Affectionately called “baby boy” by his loved ones, Vann said Cates was the kind of friend and brother others wanted to embody, the type of man people would have been delighted to meet.
“In a perfect world, we would see his dreams fully realized today and would have him here as an elder to share the beauty of his life on his own,” Vann said. “And to pour his wisdom into Black students at UNC, like members of the Northside have done for decades.”
Vann said it has been the honor of her life to be a single part of the effort to memorialize Cates’ life. Cates will always be cherished in the hearts of community members, she said.
Clark, who is the founder and chairperson of The James Lewis Cates Jr. Memorial Project under the Carolina Union Board of Directors, said the journey toward the memorial has been met with delays, bureaucratic red tape and fierce opposition. But she said no opponent is stronger than everlasting love — a love that has sustained the movement toward Cates’ memorial for over five decades.
“Grief, anger and love can often feel separate,” Clark said. “But they are extensions of one another. Grief is love lost, and anger is love disrespected.”
'It's just very important to be here'
The dedication was attended by students and community members who hoped to honor Cates' life and support his family.
"I came out today because, as a Black student, it's very important — especially in this day and time — that we recognize the injustices that are still happening today and the ones that have happened," UNC sophomore Brooke Lucas said.

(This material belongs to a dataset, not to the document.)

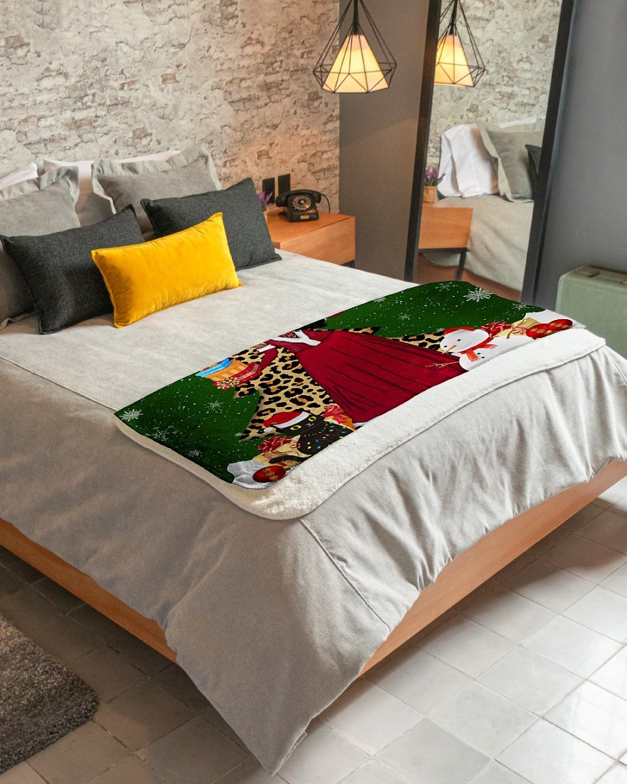 Black Girl Long Hair Claus Christmas Gift 3D Fleece Blanket

She felt it was important to support and be with the family and loved ones of Cates, who passed not so long ago.
"It's just very important to be here because he never got the justice that he deserves," Lucas said.
UNC sophomore Autumn Lynch-Coleman said she walks past the Pit every day. Until now, she said, there was nothing permanent to remember Cates by — his story was largely passed by word-of-mouth.

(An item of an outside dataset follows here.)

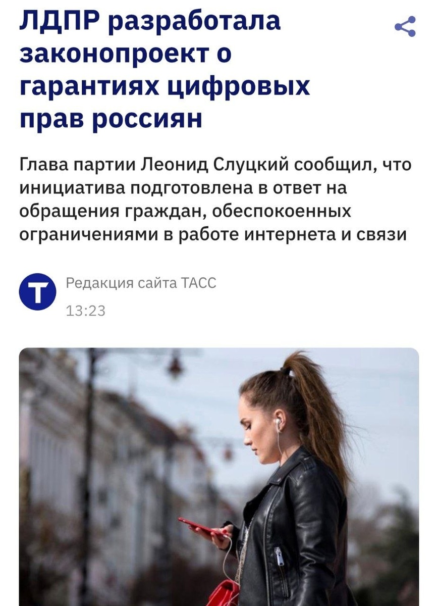 В новом законопроекте партия указала, что каждый гражданин должен иметь право свободно выражать свои мысли в сети. «Людям нужны гарантии, что они и дальше смогут использовать цифровую инфраструктуру и связь. Ведь они давно легли в основу нашей привычной жизни и работы» — глава ЛДПР Леонид Слуцкий. Надеемся, что закон пройдет все чтения 🤓🤓 Сделаем удивленные лица, когда никто ничего не примет. Источник: Jeteed

The site of Cates' death must be acknowledged, she said, and that people know the injustice occurred.
"Being able to have everybody know and understand our history, and be able to reconcile with that — even if it is bad — and being able to move past it, and move past it together, is really good," she said.
'Only by reckoning can we reconcile'
Cox said the dedication was an acknowledgment of a scarred part of University history. The goal of educators, she said, is to cherish the lives and minds of students, teaching them to engage in the world without hate, malice or prejudice.
"So thank you to all of you — all of our students, all of our educators, all of our administrators, all of our community workers — who didn't give up and did something, and did the right thing."
Guskiewicz said the University community must work together to shape the future.
“We have more steps to take in our process of teaching our history and on our journey to be a more inclusive and welcoming campus community for everyone,” he said. “We are not done and we will continue this work despite the challenges before us.”
Efforts by The James Cates Remembrance Coalition to rename the UNC Student Stores after Cates are ongoing.
Foushee said the community is grateful for the memorial's commemoration. The University community should learn from its history, she said, not ignore it, cover it up or attempt to wash it away.
"We must acknowledge only by adequately acknowledging our history can we begin to reckon with it, and only by reckoning can we reconcile," Foushee said. "And with that reconciliation, we should vow to do better. Because we now know better and indeed we can be better."
To the sound of the Voices of Praise Gospel Choir, community leaders and loved ones ended the dedication by laying a flower at the base of Cates’ memorial.
And, from dusk to dawn, the Pit was lit up in his memory.